[Data extracted from a collection]
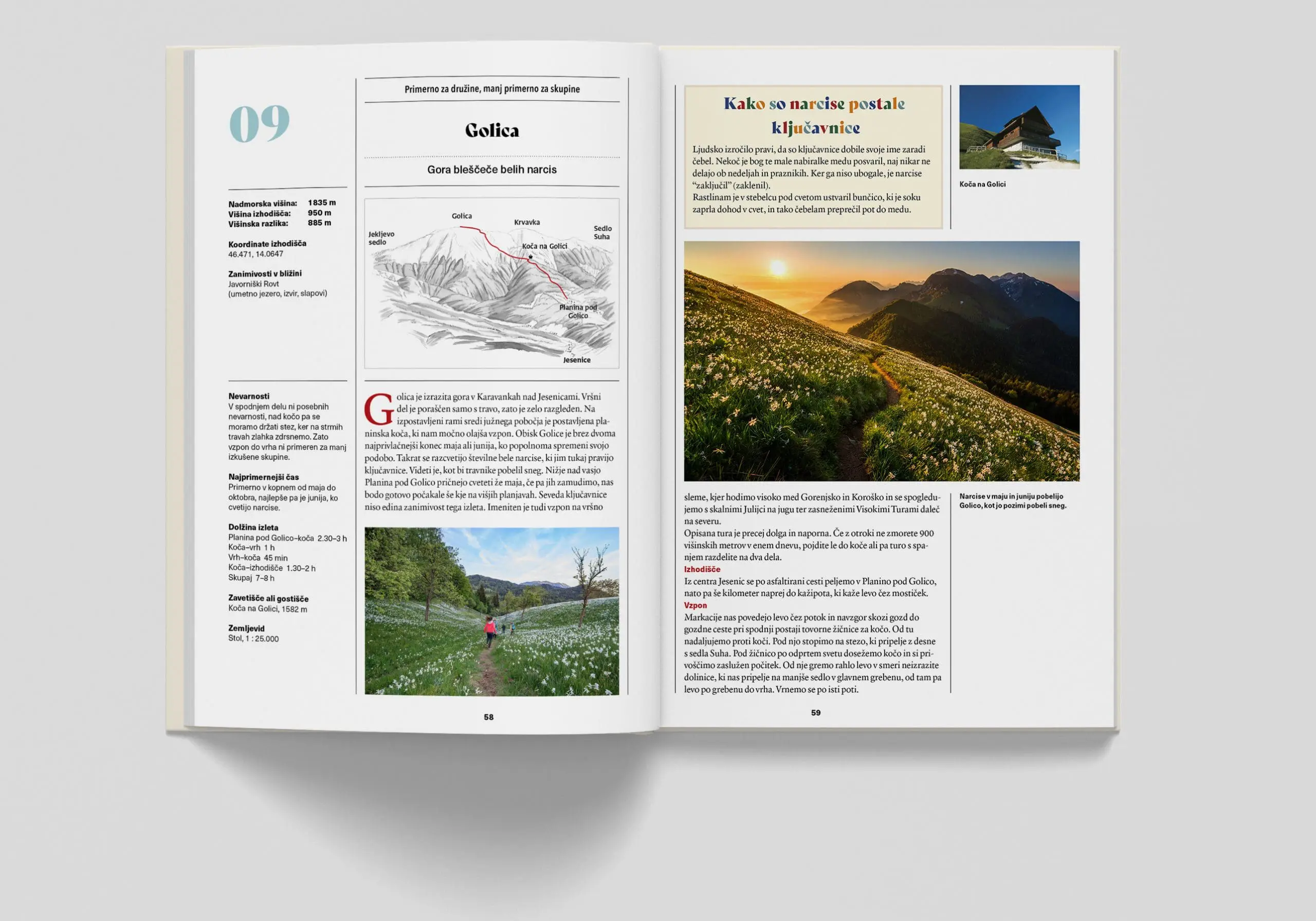 Vsak izlet je opremljen s preglednim reliefnim zemljevidom ali skico, ki služi predvsem temu, da si lažje ustvarimo predstavo o poteku poti. Navedene so naravne in kulturne znamenitosti v bližini, kar lahko služi kot koristen namig za popestritev ture.
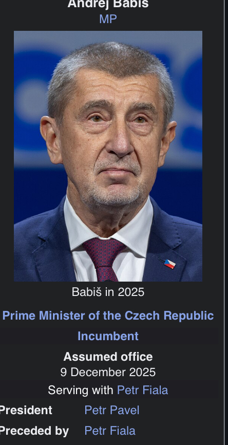 Andrej Babiš becomes Prime Minister of Czechia after October 2025 elections
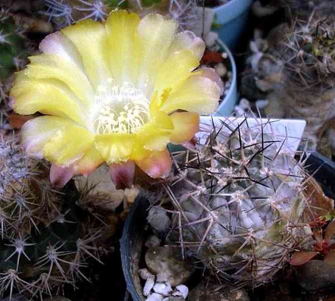 Acanthocalycium thionanthum je působivý kaktus rostoucí ve výškách 1500 m n.m v Argentině, s jednoduchým kulovitým až cylindrickým, zeleným nebo šedozeleným tělem a plochými kořeny. Kaktus má 14 a více žeber a v jednotlivých areolách 8 – 16 trnů o délce 1,5 – 3 cm. Nádherné, zvonkovité květy jsou světle nebo tmavě žluté. Balení obsahuje 10 semen za 19 Kč. Semena – neoseeds
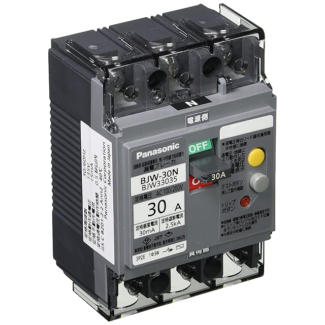パナソニック(Panasonic) 単3中性線欠相保護付漏電ブレーカ BJW-30N型 3P2E 30A 30mA BJW33035
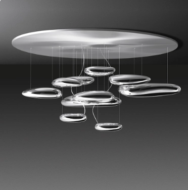 Designerski plafon Artemide Mercury charakteryzuje się przede wszystkim niecodziennym sposobem świecenia. Lampa sufitowa zachwyca swoim designem, ale to właśnie zastosowana metoda oświetlenia zwraca na siebie szczególną uwagę. Przypominające krople rtęci źródła światła emitują oświetlenie, które odbija się od podstawy i tworzy niesamowity efekt oświetlenia w całym pomieszczeniu. Lampa Artemide Mercury występuje również w większej wersji Mercury Mini LED. Zestaw nie zawiera żarówek.
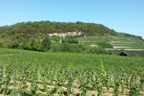 Hier am Palmberg reift vor allem Riesling heran, der aufgrund des anstehenden Muschelkalks und der ausgeprägten Südostlage eine besondere Qualität erlangt.
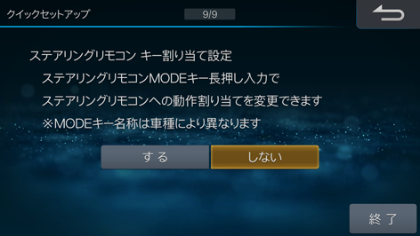 ステアリングリモコンのキー割り当てを変更する場合は[する]にタッチします。
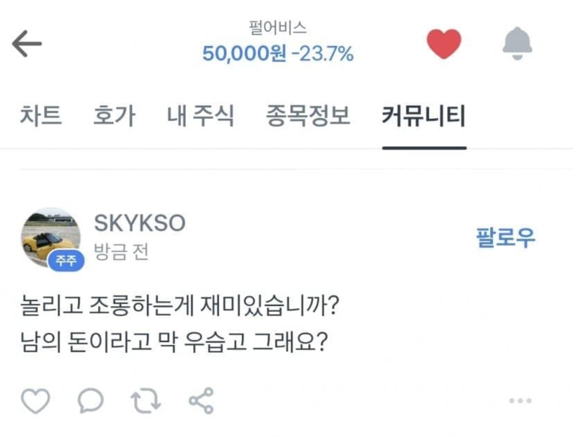 부러워만 하지 마시고 펄어비스 주식 직접 구매해보세요 마침 할인행사도 진행하고 있어요 | 26.03.23 23:34 | | |
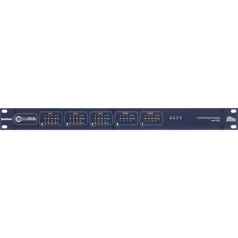 BSS BLU-101 аудио-матрица с процессором. 12 аналоговых mic/line входов, 8 аналоговых выходов. 12 независимых алгоритма AEC (подавление эха), BLU-Link, без CobraNet.
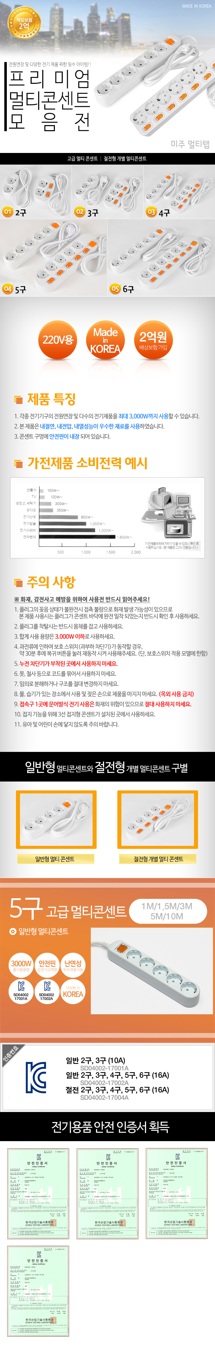 미주산업 국산 안전 멀티탭 콘센트 5구 1.5M (16A) 이미지/
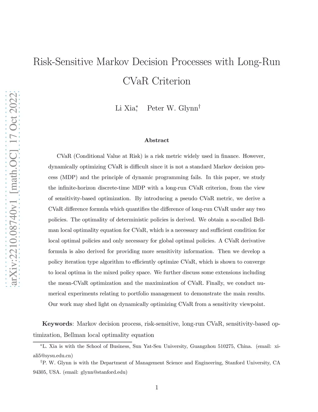 CVaR (Conditional Value at Risk) is a risk metric widely used in finance. However, dynamically optimizing CVaR is difficult since it is not a standard Markov decision process (MDP) and the principle of dynamic programming fails. In this paper, we study the infinite-horizon discrete-time MDP with a long-run CVaR criterion, from the view of sensitivity-based optimization. By introducing a pseudo CVaR metric, we derive a CVaR difference formula which quantifies the difference of long-run CVaR under any two policies. The optimality of deterministic policies is derived. We obtain a so-called Bellman local optimality equation for CVaR, which is a necessary and sufficient condition for local optimal policies and only necessary for global optimal policies. A CVaR derivative formula is also derived for providing more sensitivity information. Then we develop a policy iteration type algorithm to efficiently optimize CVaR, which is shown to converge to local optima in the mixed policy space. We further discuss some extensions including the mean-CVaR optimization and the maximization of CVaR. Finally, we conduct numerical experiments relating to portfolio management to demonstrate the main results. Our work may shed light on dynamically optimizing CVaR from a sensitivity viewpoint.

• **WHAT YOU SHOULD DO**: Your task is an exact printout of the records above, with no pictures.

• **ANSWER BOX**:
 Vsak izlet je opremljen s preglednim reliefnim zemljevidom ali skico, ki služi predvsem temu, da si lažje ustvarimo predstavo o poteku poti. Navedene so naravne in kulturne znamenitosti v bližini, kar lahko služi kot koristen namig za popestritev ture.
 Andrej Babiš becomes Prime Minister of Czechia after October 2025 elections
 Acanthocalycium thionanthum je působivý kaktus rostoucí ve výškách 1500 m n.m v Argentině, s jednoduchým kulovitým až cylindrickým, zeleným nebo šedozeleným tělem a plochými kořeny. Kaktus má 14 a více žeber a v jednotlivých areolách 8 – 16 trnů o délce 1,5 – 3 cm. Nádherné, zvonkovité květy jsou světle nebo tmavě žluté. Balení obsahuje 10 semen za 19 Kč. Semena – neoseeds
パナソニック(Panasonic) 単3中性線欠相保護付漏電ブレーカ BJW-30N型 3P2E 30A 30mA BJW33035
 Designerski plafon Artemide Mercury charakteryzuje się przede wszystkim niecodziennym sposobem świecenia. Lampa sufitowa zachwyca swoim designem, ale to właśnie zastosowana metoda oświetlenia zwraca na siebie szczególną uwagę. Przypominające krople rtęci źródła światła emitują oświetlenie, które odbija się od podstawy i tworzy niesamowity efekt oświetlenia w całym pomieszczeniu. Lampa Artemide Mercury występuje również w większej wersji Mercury Mini LED. Zestaw nie zawiera żarówek.
 Hier am Palmberg reift vor allem Riesling heran, der aufgrund des anstehenden Muschelkalks und der ausgeprägten Südostlage eine besondere Qualität erlangt.
 ステアリングリモコンのキー割り当てを変更する場合は[する]にタッチします。
 부러워만 하지 마시고 펄어비스 주식 직접 구매해보세요 마침 할인행사도 진행하고 있어요 | 26.03.23 23:34 | | |
 BSS BLU-101 аудио-матрица с процессором. 12 аналоговых mic/line входов, 8 аналоговых выходов. 12 независимых алгоритма AEC (подавление эха), BLU-Link, без CobraNet.
 미주산업 국산 안전 멀티탭 콘센트 5구 1.5M (16A) 이미지/
 CVaR (Conditional Value at Risk) is a risk metric widely used in finance. However, dynamically optimizing CVaR is difficult since it is not a standard Markov decision process (MDP) and the principle of dynamic programming fails. In this paper, we study the infinite-horizon discrete-time MDP with a long-run CVaR criterion, from the view of sensitivity-based optimization. By introducing a pseudo CVaR metric, we derive a CVaR difference formula which quantifies the difference of long-run CVaR under any two policies. The optimality of deterministic policies is derived. We obtain a so-called Bellman local optimality equation for CVaR, which is a necessary and sufficient condition for local optimal policies and only necessary for global optimal policies. A CVaR derivative formula is also derived for providing more sensitivity information. Then we develop a policy iteration type algorithm to efficiently optimize CVaR, which is shown to converge to local optima in the mixed policy space. We further discuss some extensions including the mean-CVaR optimization and the maximization of CVaR. Finally, we conduct numerical experiments relating to portfolio management to demonstrate the main results. Our work may shed light on dynamically optimizing CVaR from a sensitivity viewpoint.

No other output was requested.